┌─ Given data

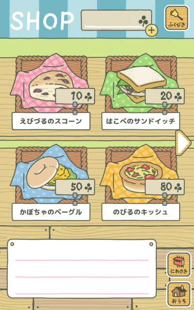 玩家在这个游戏里大多数时间处于 " 无所事事 " 状态,我们每隔一段时间开游戏看看,屋外的幸运草长满了就去拔一拔,收获的幸运草可以拿来购买各种便当、碗具、水壶、灯笼等道具,这些都是可以给小青蛙出门带着的。小青蛙的包袱里一般放便当、护身符、道具。便当就不用说了,路上的口粮,护身符是保佑出行平安的,道具可以是水壶、碗器、灯笼等等实用的东西,这些东西越好,小青蛙就可以走得越远,看到更多的风景。
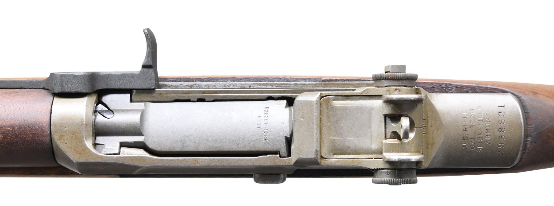 RIFLE WITH CORRECT FEATURES. Cal. 30-06. S# 2938831. Bbl. 24". Barrel is marked on right side "1-S-A-6-44". Throat gauges: 2.0. Muzzle gauges: less than 1.0. All major parts markings are "SA". Operating rod does not have the relief notch, but has the original square corner. Locking bar rear sight assembly. Blade front sight w/ protective ears. Milled trigger guard. Walnut stock set w/ arsenal rework finish. Stock markings remain visible & include boxed "S.A." / GAW". "Crossed cannons" & encircled "P" proof under grip. Early model 1907 style sling w/ brass hooks. CONDITION: stock set w/ its arsenal rework refinish has light wear & scattered handling marks. Receiver & bbl. have their original war-time parkerized finishes w/ thinning & light wear. Operating rod & gas cyl. appear to have been reparkerized. Bore has worn lands w/ frosted grooves. (25-967/RW). CURIO. $800-1,200.
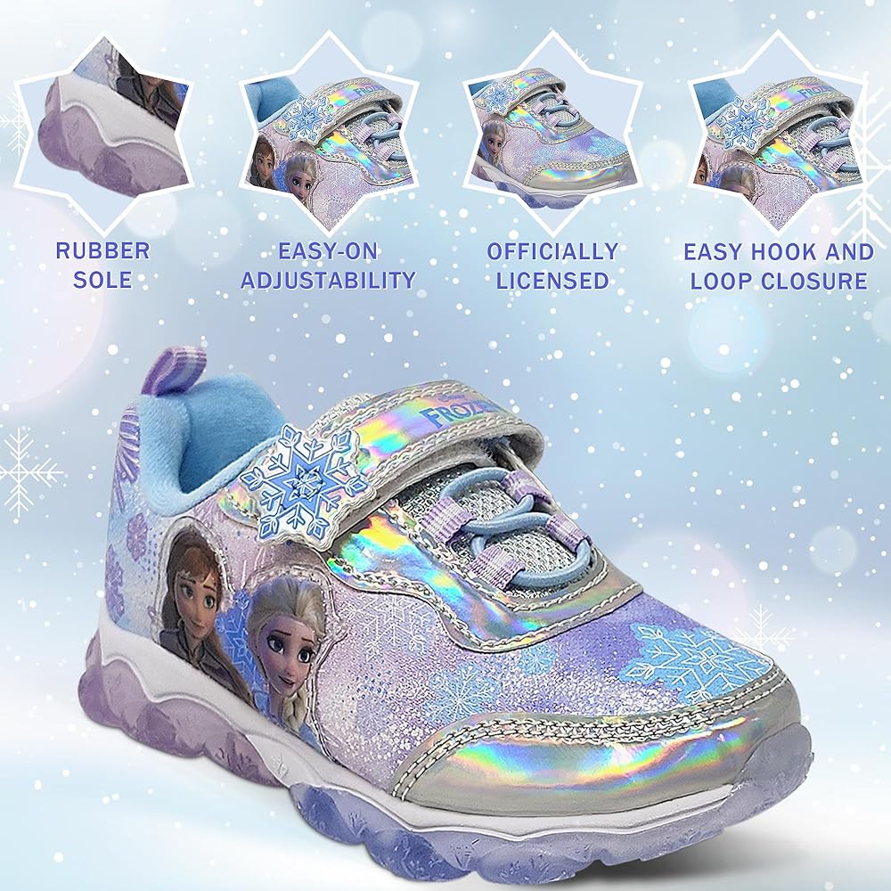 - PRINCESS LIGHT-UP MAGIC: حذاء رياضي مضيء للفتيات من Disney Frozen باللون الأرجواني/الأزرق، مصمم للأطفال الصغار والصغار، ويتميز بتصميم مضيء مبهر يناسب الملوك.
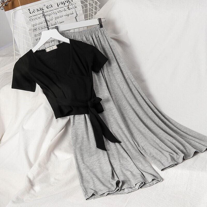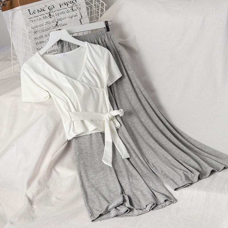 女性の夏のスーツ、背の高い小さな、短いトップ、Vネック、クロスタイTシャツ、ハイウエスト、薄い、ワイドレッグパンツ、ツーピーススーツ ショート サマー 夏物 TB2-6 TB2-638726254813
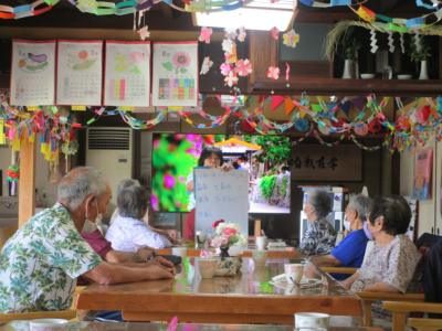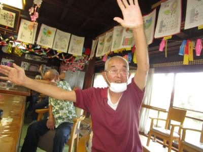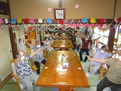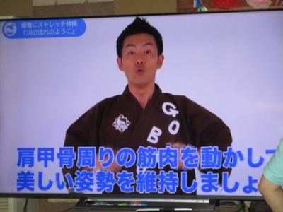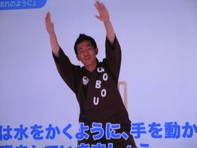 ごぼう先生の分かりやすい説明と、画面に映し出された文字と映像で身体を動かす皆さん・・・

└─

The task:
Above are some records; extract exactly the lines from the one containing "- PRINCESS LIGHT-UP" through the one containing "夏物 TB2-6 TB2-638726254813" and drop the pictures.

Expected answer:
 - PRINCESS LIGHT-UP MAGIC: حذاء رياضي مضيء للفتيات من Disney Frozen باللون الأرجواني/الأزرق، مصمم للأطفال الصغار والصغار، ويتميز بتصميم مضيء مبهر يناسب الملوك.
 女性の夏のスーツ、背の高い小さな、短いトップ、Vネック、クロスタイTシャツ、ハイウエスト、薄い、ワイドレッグパンツ、ツーピーススーツ ショート サマー 夏物 TB2-6 TB2-638726254813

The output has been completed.